:: Data shown ::
== Segment start ==
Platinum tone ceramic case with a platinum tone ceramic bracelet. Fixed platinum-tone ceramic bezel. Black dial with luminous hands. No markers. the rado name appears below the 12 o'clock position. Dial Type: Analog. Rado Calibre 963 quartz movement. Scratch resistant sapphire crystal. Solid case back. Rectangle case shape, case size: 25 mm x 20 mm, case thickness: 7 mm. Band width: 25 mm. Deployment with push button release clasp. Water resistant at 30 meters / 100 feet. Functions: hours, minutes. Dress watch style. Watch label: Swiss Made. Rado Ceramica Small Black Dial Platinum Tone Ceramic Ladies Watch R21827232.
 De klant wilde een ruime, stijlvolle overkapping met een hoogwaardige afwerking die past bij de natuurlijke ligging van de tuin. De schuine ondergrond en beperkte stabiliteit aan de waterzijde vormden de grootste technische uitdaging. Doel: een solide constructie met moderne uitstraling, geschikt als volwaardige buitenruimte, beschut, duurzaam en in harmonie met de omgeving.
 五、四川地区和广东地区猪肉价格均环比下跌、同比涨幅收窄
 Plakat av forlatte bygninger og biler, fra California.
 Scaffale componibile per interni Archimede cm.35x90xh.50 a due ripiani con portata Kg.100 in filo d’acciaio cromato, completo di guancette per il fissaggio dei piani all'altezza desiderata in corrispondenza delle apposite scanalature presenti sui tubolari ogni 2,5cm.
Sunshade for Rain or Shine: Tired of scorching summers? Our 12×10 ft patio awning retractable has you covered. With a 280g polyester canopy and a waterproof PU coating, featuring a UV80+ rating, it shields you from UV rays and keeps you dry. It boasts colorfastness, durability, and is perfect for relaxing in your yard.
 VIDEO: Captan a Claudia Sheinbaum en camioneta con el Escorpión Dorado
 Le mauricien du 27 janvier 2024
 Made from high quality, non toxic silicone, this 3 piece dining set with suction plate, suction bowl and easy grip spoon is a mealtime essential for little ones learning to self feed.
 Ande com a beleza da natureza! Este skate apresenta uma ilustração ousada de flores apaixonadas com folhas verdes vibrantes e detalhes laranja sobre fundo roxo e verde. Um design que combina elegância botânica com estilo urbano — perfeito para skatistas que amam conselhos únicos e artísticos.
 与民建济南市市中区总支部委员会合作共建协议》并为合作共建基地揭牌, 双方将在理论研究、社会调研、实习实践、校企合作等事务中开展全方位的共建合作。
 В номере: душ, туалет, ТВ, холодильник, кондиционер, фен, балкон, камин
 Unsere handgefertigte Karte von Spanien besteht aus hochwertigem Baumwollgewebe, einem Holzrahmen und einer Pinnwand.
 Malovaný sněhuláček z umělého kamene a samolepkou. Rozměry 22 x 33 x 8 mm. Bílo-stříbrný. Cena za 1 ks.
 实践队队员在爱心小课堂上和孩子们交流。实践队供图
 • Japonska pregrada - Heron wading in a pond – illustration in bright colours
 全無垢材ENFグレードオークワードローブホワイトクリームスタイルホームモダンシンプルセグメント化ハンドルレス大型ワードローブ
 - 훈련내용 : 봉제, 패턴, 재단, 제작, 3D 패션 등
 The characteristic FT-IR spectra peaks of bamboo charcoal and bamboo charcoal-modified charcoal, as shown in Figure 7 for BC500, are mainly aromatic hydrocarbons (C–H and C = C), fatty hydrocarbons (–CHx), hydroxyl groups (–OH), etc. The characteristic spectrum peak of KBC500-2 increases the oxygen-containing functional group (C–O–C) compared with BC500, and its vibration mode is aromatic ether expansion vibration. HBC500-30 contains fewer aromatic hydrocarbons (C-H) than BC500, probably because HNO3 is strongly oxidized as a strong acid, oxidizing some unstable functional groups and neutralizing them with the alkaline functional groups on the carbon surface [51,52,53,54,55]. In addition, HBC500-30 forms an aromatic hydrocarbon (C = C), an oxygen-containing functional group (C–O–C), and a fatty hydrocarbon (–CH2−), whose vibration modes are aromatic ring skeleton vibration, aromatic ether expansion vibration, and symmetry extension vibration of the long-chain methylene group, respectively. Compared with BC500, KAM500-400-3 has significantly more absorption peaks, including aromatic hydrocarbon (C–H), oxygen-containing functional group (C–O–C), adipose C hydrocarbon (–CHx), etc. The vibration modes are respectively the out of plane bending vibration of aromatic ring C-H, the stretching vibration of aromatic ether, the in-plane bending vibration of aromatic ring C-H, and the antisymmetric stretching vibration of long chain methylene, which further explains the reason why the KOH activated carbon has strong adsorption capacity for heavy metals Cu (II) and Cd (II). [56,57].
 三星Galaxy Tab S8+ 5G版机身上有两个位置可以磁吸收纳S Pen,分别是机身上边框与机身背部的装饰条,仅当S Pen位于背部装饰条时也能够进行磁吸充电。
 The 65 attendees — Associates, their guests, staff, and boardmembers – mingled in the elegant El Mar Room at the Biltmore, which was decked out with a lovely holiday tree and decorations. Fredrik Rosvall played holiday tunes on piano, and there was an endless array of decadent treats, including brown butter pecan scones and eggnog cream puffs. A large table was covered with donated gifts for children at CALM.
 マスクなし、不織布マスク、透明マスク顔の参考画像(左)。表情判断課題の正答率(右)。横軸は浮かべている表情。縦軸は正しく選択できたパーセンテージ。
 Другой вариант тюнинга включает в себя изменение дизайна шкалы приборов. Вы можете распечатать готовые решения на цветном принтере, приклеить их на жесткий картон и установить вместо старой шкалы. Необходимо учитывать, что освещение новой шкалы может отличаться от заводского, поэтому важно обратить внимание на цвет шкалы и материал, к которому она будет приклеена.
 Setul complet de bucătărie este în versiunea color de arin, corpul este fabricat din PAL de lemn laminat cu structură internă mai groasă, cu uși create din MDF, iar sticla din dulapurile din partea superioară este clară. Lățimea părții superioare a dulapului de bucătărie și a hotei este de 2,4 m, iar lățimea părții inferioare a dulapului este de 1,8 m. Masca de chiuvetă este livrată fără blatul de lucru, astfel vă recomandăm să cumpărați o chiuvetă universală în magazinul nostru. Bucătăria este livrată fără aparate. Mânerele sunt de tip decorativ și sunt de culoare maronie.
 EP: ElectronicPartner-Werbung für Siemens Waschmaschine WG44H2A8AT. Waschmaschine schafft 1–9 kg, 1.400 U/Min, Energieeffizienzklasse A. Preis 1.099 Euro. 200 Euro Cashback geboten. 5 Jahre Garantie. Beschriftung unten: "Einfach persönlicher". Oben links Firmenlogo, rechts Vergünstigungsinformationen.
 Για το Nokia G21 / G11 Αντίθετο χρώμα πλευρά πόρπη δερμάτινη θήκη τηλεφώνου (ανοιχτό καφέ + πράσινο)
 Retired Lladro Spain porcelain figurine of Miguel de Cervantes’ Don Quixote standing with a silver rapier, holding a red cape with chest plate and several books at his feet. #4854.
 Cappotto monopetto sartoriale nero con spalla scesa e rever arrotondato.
== Segment end ==
:: Task objective ::
Would you print each line of the listing again, unaltered?

:: Solution for this task ::
Platinum tone ceramic case with a platinum tone ceramic bracelet. Fixed platinum-tone ceramic bezel. Black dial with luminous hands. No markers. the rado name appears below the 12 o'clock position. Dial Type: Analog. Rado Calibre 963 quartz movement. Scratch resistant sapphire crystal. Solid case back. Rectangle case shape, case size: 25 mm x 20 mm, case thickness: 7 mm. Band width: 25 mm. Deployment with push button release clasp. Water resistant at 30 meters / 100 feet. Functions: hours, minutes. Dress watch style. Watch label: Swiss Made. Rado Ceramica Small Black Dial Platinum Tone Ceramic Ladies Watch R21827232.
 De klant wilde een ruime, stijlvolle overkapping met een hoogwaardige afwerking die past bij de natuurlijke ligging van de tuin. De schuine ondergrond en beperkte stabiliteit aan de waterzijde vormden de grootste technische uitdaging. Doel: een solide constructie met moderne uitstraling, geschikt als volwaardige buitenruimte, beschut, duurzaam en in harmonie met de omgeving.
 五、四川地区和广东地区猪肉价格均环比下跌、同比涨幅收窄
 Plakat av forlatte bygninger og biler, fra California.
 Scaffale componibile per interni Archimede cm.35x90xh.50 a due ripiani con portata Kg.100 in filo d’acciaio cromato, completo di guancette per il fissaggio dei piani all'altezza desiderata in corrispondenza delle apposite scanalature presenti sui tubolari ogni 2,5cm.
Sunshade for Rain or Shine: Tired of scorching summers? Our 12×10 ft patio awning retractable has you covered. With a 280g polyester canopy and a waterproof PU coating, featuring a UV80+ rating, it shields you from UV rays and keeps you dry. It boasts colorfastness, durability, and is perfect for relaxing in your yard.
 VIDEO: Captan a Claudia Sheinbaum en camioneta con el Escorpión Dorado
 Le mauricien du 27 janvier 2024
 Made from high quality, non toxic silicone, this 3 piece dining set with suction plate, suction bowl and easy grip spoon is a mealtime essential for little ones learning to self feed.
 Ande com a beleza da natureza! Este skate apresenta uma ilustração ousada de flores apaixonadas com folhas verdes vibrantes e detalhes laranja sobre fundo roxo e verde. Um design que combina elegância botânica com estilo urbano — perfeito para skatistas que amam conselhos únicos e artísticos.
 与民建济南市市中区总支部委员会合作共建协议》并为合作共建基地揭牌, 双方将在理论研究、社会调研、实习实践、校企合作等事务中开展全方位的共建合作。
 В номере: душ, туалет, ТВ, холодильник, кондиционер, фен, балкон, камин
 Unsere handgefertigte Karte von Spanien besteht aus hochwertigem Baumwollgewebe, einem Holzrahmen und einer Pinnwand.
 Malovaný sněhuláček z umělého kamene a samolepkou. Rozměry 22 x 33 x 8 mm. Bílo-stříbrný. Cena za 1 ks.
 实践队队员在爱心小课堂上和孩子们交流。实践队供图
 • Japonska pregrada - Heron wading in a pond – illustration in bright colours
 全無垢材ENFグレードオークワードローブホワイトクリームスタイルホームモダンシンプルセグメント化ハンドルレス大型ワードローブ
 - 훈련내용 : 봉제, 패턴, 재단, 제작, 3D 패션 등
 The characteristic FT-IR spectra peaks of bamboo charcoal and bamboo charcoal-modified charcoal, as shown in Figure 7 for BC500, are mainly aromatic hydrocarbons (C–H and C = C), fatty hydrocarbons (–CHx), hydroxyl groups (–OH), etc. The characteristic spectrum peak of KBC500-2 increases the oxygen-containing functional group (C–O–C) compared with BC500, and its vibration mode is aromatic ether expansion vibration. HBC500-30 contains fewer aromatic hydrocarbons (C-H) than BC500, probably because HNO3 is strongly oxidized as a strong acid, oxidizing some unstable functional groups and neutralizing them with the alkaline functional groups on the carbon surface [51,52,53,54,55]. In addition, HBC500-30 forms an aromatic hydrocarbon (C = C), an oxygen-containing functional group (C–O–C), and a fatty hydrocarbon (–CH2−), whose vibration modes are aromatic ring skeleton vibration, aromatic ether expansion vibration, and symmetry extension vibration of the long-chain methylene group, respectively. Compared with BC500, KAM500-400-3 has significantly more absorption peaks, including aromatic hydrocarbon (C–H), oxygen-containing functional group (C–O–C), adipose C hydrocarbon (–CHx), etc. The vibration modes are respectively the out of plane bending vibration of aromatic ring C-H, the stretching vibration of aromatic ether, the in-plane bending vibration of aromatic ring C-H, and the antisymmetric stretching vibration of long chain methylene, which further explains the reason why the KOH activated carbon has strong adsorption capacity for heavy metals Cu (II) and Cd (II). [56,57].
 三星Galaxy Tab S8+ 5G版机身上有两个位置可以磁吸收纳S Pen,分别是机身上边框与机身背部的装饰条,仅当S Pen位于背部装饰条时也能够进行磁吸充电。
 The 65 attendees — Associates, their guests, staff, and boardmembers – mingled in the elegant El Mar Room at the Biltmore, which was decked out with a lovely holiday tree and decorations. Fredrik Rosvall played holiday tunes on piano, and there was an endless array of decadent treats, including brown butter pecan scones and eggnog cream puffs. A large table was covered with donated gifts for children at CALM.
 マスクなし、不織布マスク、透明マスク顔の参考画像(左)。表情判断課題の正答率(右)。横軸は浮かべている表情。縦軸は正しく選択できたパーセンテージ。
 Другой вариант тюнинга включает в себя изменение дизайна шкалы приборов. Вы можете распечатать готовые решения на цветном принтере, приклеить их на жесткий картон и установить вместо старой шкалы. Необходимо учитывать, что освещение новой шкалы может отличаться от заводского, поэтому важно обратить внимание на цвет шкалы и материал, к которому она будет приклеена.
 Setul complet de bucătărie este în versiunea color de arin, corpul este fabricat din PAL de lemn laminat cu structură internă mai groasă, cu uși create din MDF, iar sticla din dulapurile din partea superioară este clară. Lățimea părții superioare a dulapului de bucătărie și a hotei este de 2,4 m, iar lățimea părții inferioare a dulapului este de 1,8 m. Masca de chiuvetă este livrată fără blatul de lucru, astfel vă recomandăm să cumpărați o chiuvetă universală în magazinul nostru. Bucătăria este livrată fără aparate. Mânerele sunt de tip decorativ și sunt de culoare maronie.
 EP: ElectronicPartner-Werbung für Siemens Waschmaschine WG44H2A8AT. Waschmaschine schafft 1–9 kg, 1.400 U/Min, Energieeffizienzklasse A. Preis 1.099 Euro. 200 Euro Cashback geboten. 5 Jahre Garantie. Beschriftung unten: "Einfach persönlicher". Oben links Firmenlogo, rechts Vergünstigungsinformationen.
 Για το Nokia G21 / G11 Αντίθετο χρώμα πλευρά πόρπη δερμάτινη θήκη τηλεφώνου (ανοιχτό καφέ + πράσινο)
 Retired Lladro Spain porcelain figurine of Miguel de Cervantes’ Don Quixote standing with a silver rapier, holding a red cape with chest plate and several books at his feet. #4854.
 Cappotto monopetto sartoriale nero con spalla scesa e rever arrotondato.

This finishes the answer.